Un ancien docteur du XV de France dénonce le dopage chez les Bleus
TOURNOI DES VI NATIONS•«L'Express» s'est procuré les bonnes feuilles d'une enquête à paraître de Pierre Ballester, journaliste spécialiste de la lutte contre le dopage...J.L.
Après avoir aidé à déboulonner le mythe Lance Armstrong dans L.A. confidential, Pierre Ballester, journaliste-enquêteur spécialiste de la lutte antidopage, s'attaque au rugby. Dans son ouvrage à paraître le 5 mars, Rugby à Charges, dont l'Express publie les bonnes feuilles, il dénonce les pratiques douteuses avec l'aide, entre autres, d'un ancien médecin du XV de France, Jacques Mombet, qui a officié entre 1975 et 1995. Extraits.
Les années 80 et les cachets d'amphétamines dans les assiettes
Quand il entre en fonction dans les années 60, Mombet, en charge dans un premier temps des joueurs du grand Agen, assiste à l'arrivée des amphétamines, qu'on retrouve jusque dans les menus d'avant-match. «Comme c'était généralisé, je l'ai vu en équipe de France. Ils avaient chacun leur pilule devant leur assiette lors du repas d'avant match. En fait, ça dépendait des matchs et de leurs circonstances.

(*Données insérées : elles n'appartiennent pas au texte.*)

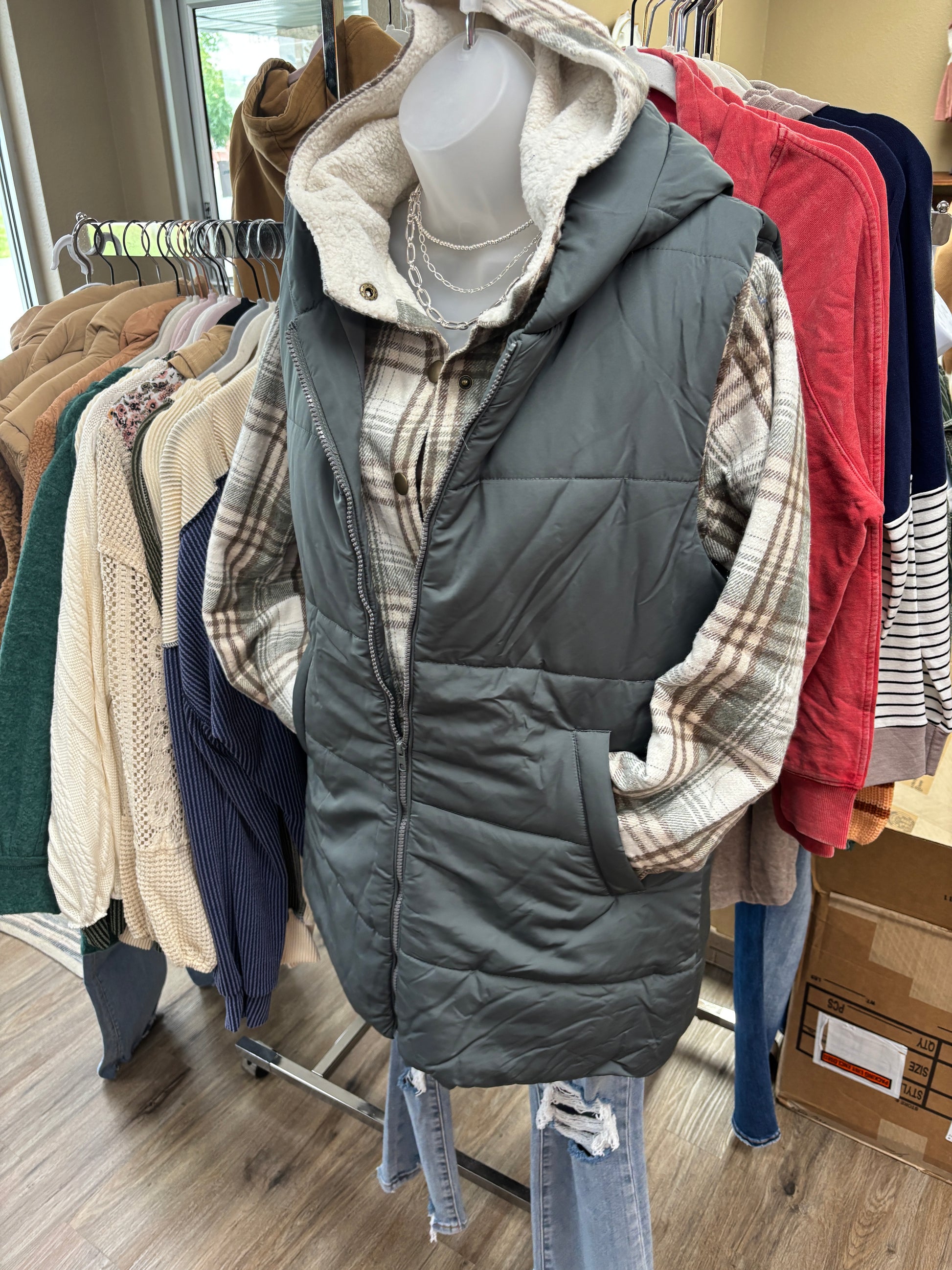 Dk Green Zip Front Tunic Puffer Vest
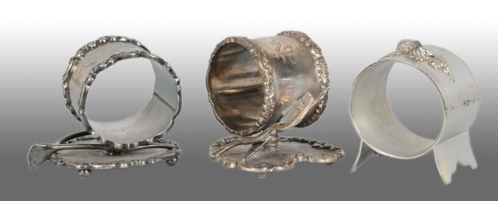 Includes a napkin holder engraved "Best Wishes" resting on wishbone on a round footed base. This piece is marked "Rogers & Bro" and numbered "4377" with some silver loss. Next is a napkin holder on heart-shaped base with bow and quiver of arrows. This holder is engraved "Best Wishes", is marked "Middletown Plate Co." and numbered "164". Last is a footed napkin holder embossed with hand holding flowers and leaves with no manufacturer's name or number. Condition (Very Good).
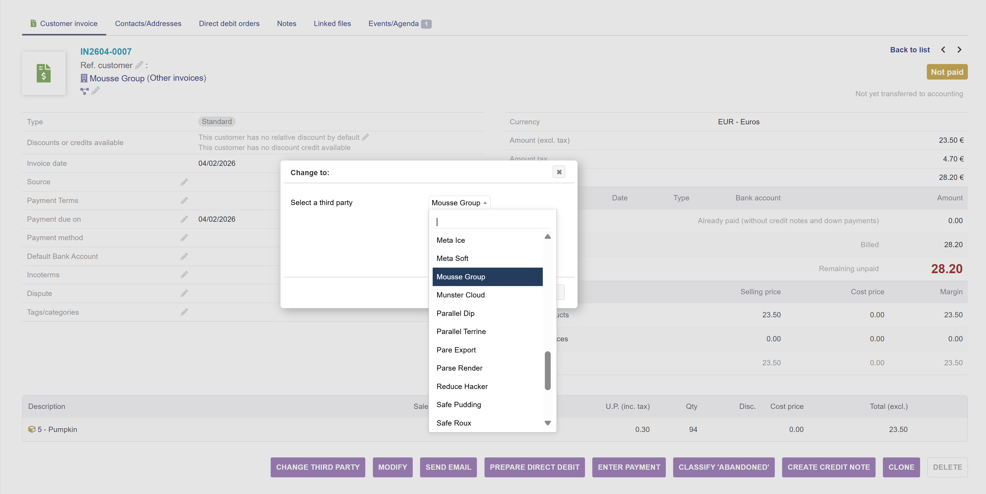This module adds a button to change thirdparty for buy/sales related documents, even if the document is validated (no need to return it to draft or reopen it again) Following documents are included.: - Commercial proposals - Customer Orders - Vendor proposals - Purchase orders - Contracts/Subscriptions - Customer invoices - Vendor invoices
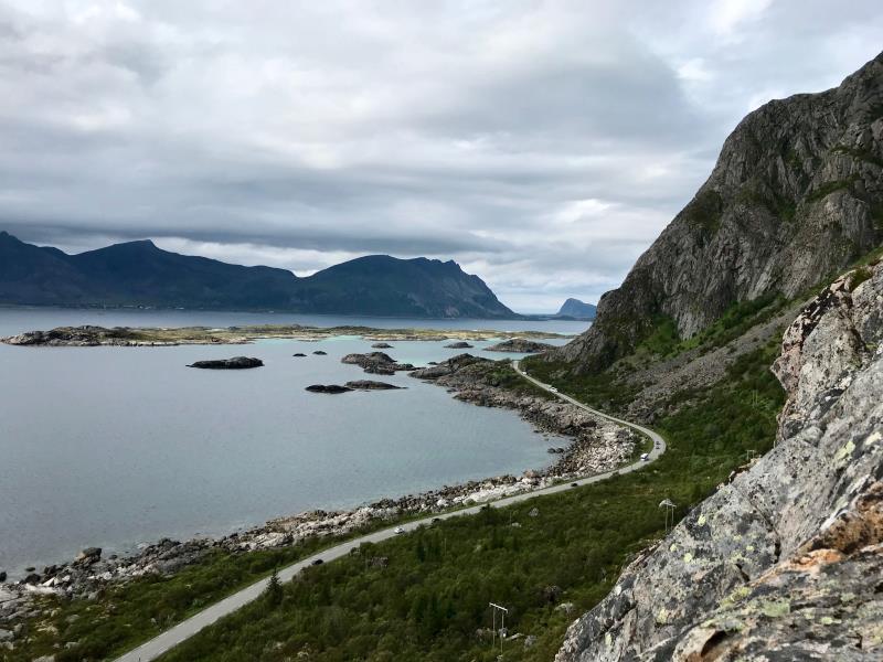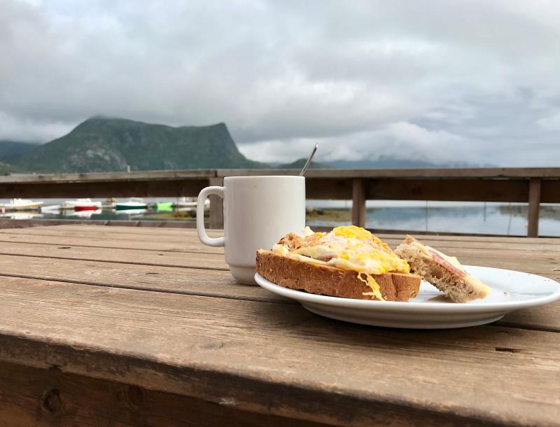 Ohjeiden mukaan lähdimme suuntaamaan kohti noin 60 kilometrin päässä, Leknesissä olevaa polkupyörilyreitin keskikohtaa. Kuitenkin noin 40 kilometrin kohdalla Leknesin alkupäässä E10 tien vasammalla puolella oli ravintola, jossa luki myös Tourist i. Teimme pikapäätöksen pysähtyä siihen lounaalle ja näin poistaa tarpeen kantaa pyöräilyyn mukaan trangiaa ja eväitä. Onneksi pysähtyimme tähän, koska saimme ruuan lisäksi hyvä neuvot kääntyä heti ravintolan vierestä hiekkatielle, ajaa muutaman kilomerin ja lähteä siitä lammashaan läpi kiipeämään vuorenrinnettä.
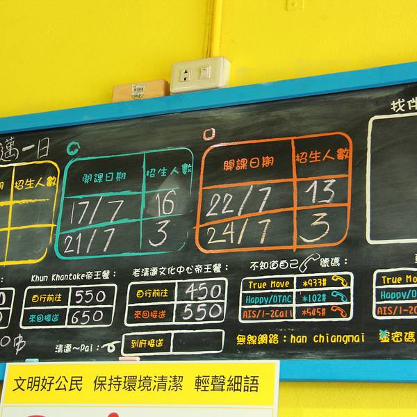 顺利找到汉清迈,前台MM挺甜美,可是说话速度能不能快一点,包括和她在交谈一日游计划的那两个MM...顺利找到汉清迈,前台MM挺甜美,可是说话速度能不能快一点,包括和她在交谈一日游计划的那两个MM,一边说着我们很赶,要帮看看怎么安排行程好,一边语速又乱慢。在这里可以定去PAI的MINI BUS车票,当天也可以,可...顺利找到汉清迈,前台MM挺甜美,可是说话速度能不能快一点,包括和她在交谈一日游计划的那两个MM,一边说着我们很赶,要帮看看怎么安排行程好,一边语速又乱慢。在这里可以定去PAI的MINI BUS车票,当天也可以,可是我们那会儿,她又打不通BUS的电话了,墨迹了半天后,果断问她还有什么方式可以去PAI,告知双条车去车站,于是让她标了地图上位置,写了蝌蚪文,拿着纸条就出发了,到了车站发现,班次很多啊,价钱一样,都是150B单程,买了最近那班车,继续囧囧的出发。 展开
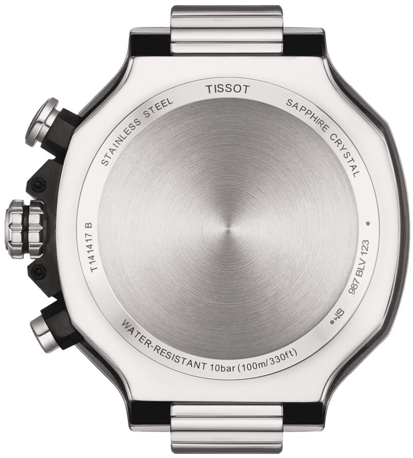 Tissot T-Race Chronograph T141.417.11.031.00 sind Herren-Quarz-Sportuhren mit einem Stahlarmband und einer Faltschließe. Das Gehäuse aus Edelstahl hat einen Durchmesser von 45 Millimetern und eine innere Lünette mit Tachymeterskala. Das silberne strukturierte Zifferblatt mit Datumsanzeige und Chronograph ist durch ein widerstandsfähiges saphirglas mit Antireflexbeschichtung geschützt. Die applizierten Stundenindizes sind ebenso wie die Zeiger mit einer lumineszierenden Beschichtung Super-LumiNova® versehen, die eine perfekte Ablesbarkeit bei schlechten Lichtverhältnissen garantiert. Das Uhrwerk wird von einem Quarzwerk ETA G10.212 mit einer Genauigkeit von +/- 10 Sekunden pro Jahr und einer Anzeige für schwache Batterie angetrieben. Die Wasserdichtigkeit der Uhr beträgt 10 ATM und ist somit zum Schwimmen oder Schnorcheln geeignet.
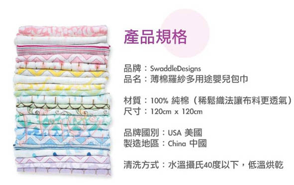 內含:頂級多用途嬰兒包巾*1+薄棉羅紗多用途嬰兒包巾*1
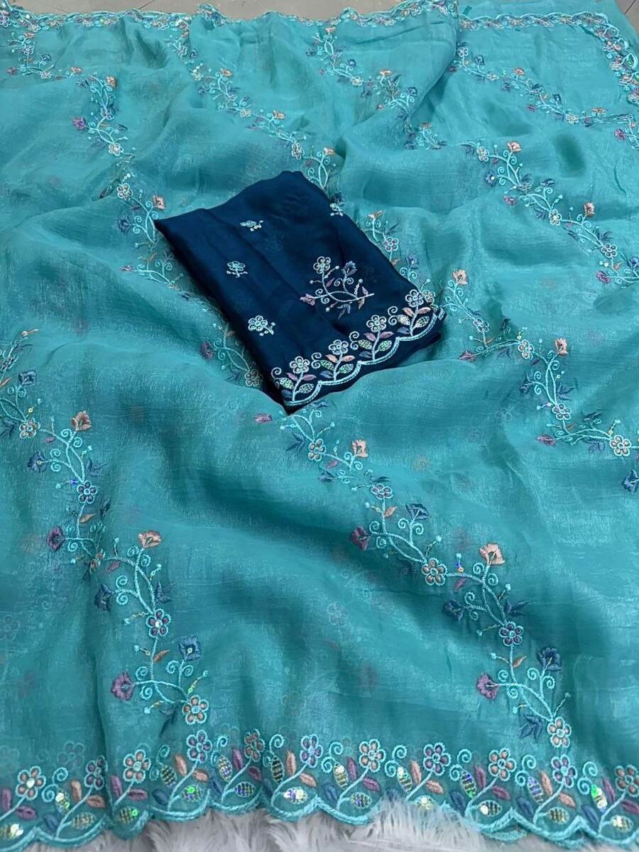 SAREE FABRIC : PURE SOFT JIMMY CHO WITH HEAVY EMBROIDERY MULTI THREAD , CODING AND SEQUENCE WORK AND FANCY CUT WORK IN WORK WITH PIPING BORDER
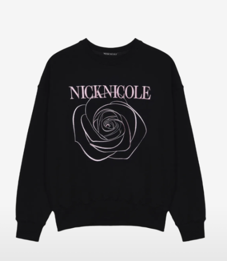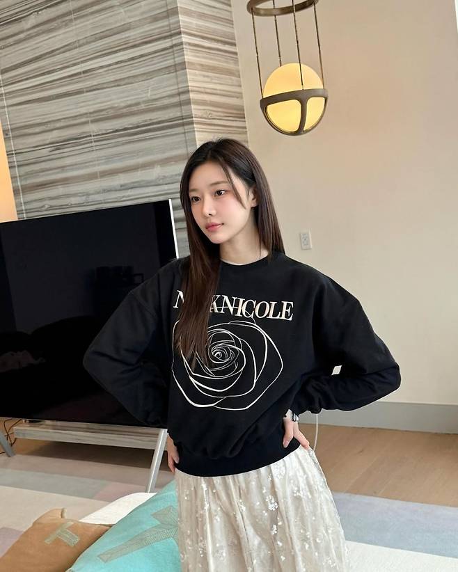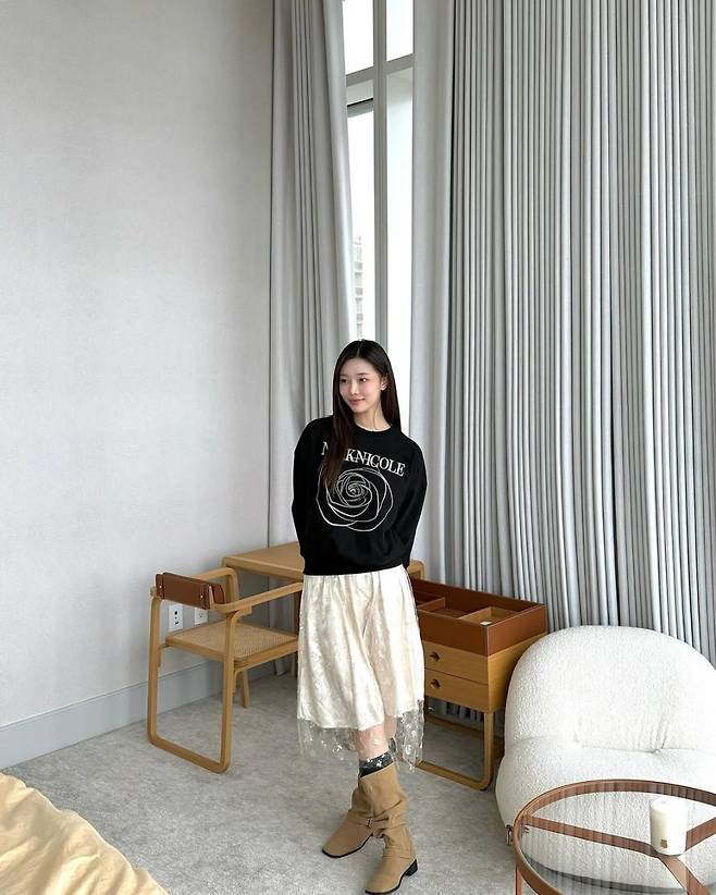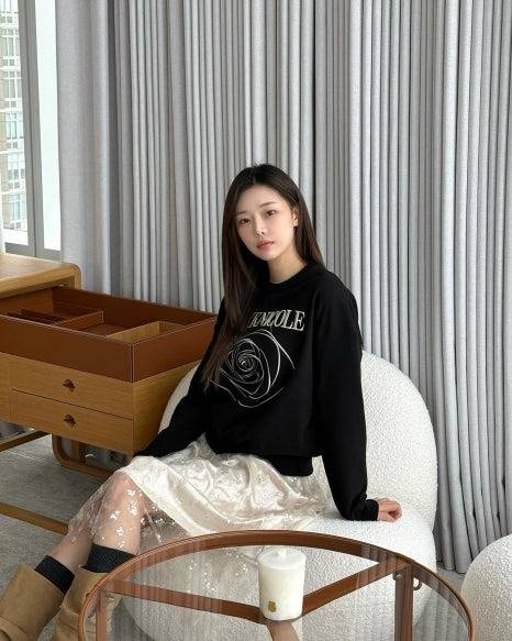 이시안은 큼직한 로즈 그래픽이 인상적인 블랙 스웨트셔츠 위에, 은은하게 드러나는 레이스 디테일이 돋보이는 시스루 스커트를 레이어드해 입었어요.

Si la rencontre était importante, s'il y avait une revanche à prendre». Par exemple lors du deuxième test-match contre les All Blacks en 86, à Nantes, après lequel les dirigeants néo-zélandais se seraient officiellement émus auprès de l'IRB, surpris par la métamorphose soudaine de leur adversaire.
Les années 90 et les ordonnances bidons des médecins
Avec la professionnalisation du rugby, le dopage légal, si monte aussi en gamme, parfois organisé et couvert par les médecins eux-mêmes. Le docteur Mombet cite l'exemple du fameux match contre l'Afrique du Sud en 1997, largement perdu par le XV de France. «Dans les heures qui précédaient la rencontre, il était question de contrôles antidopage et cette indiscrétion était revenue aux oreilles du staff sud-africain. Une heure environ avant le coup d'envoi, leur médecin m'accoste dans les couloirs des vestiaires. Il sort alors de sa mallette une liasse de papiers. C'était des ordonnances motivées. Il y en avait une grosse dizaine l'époque, les autorisations d'usage à des fins thérapeutiques n'existaient pas et les médecins pouvaient alors prescrire ces ordonnances motivées pour authentifier le recours à des produits interdits (ici de l'EPO). Je n'en ai jamais vu autant».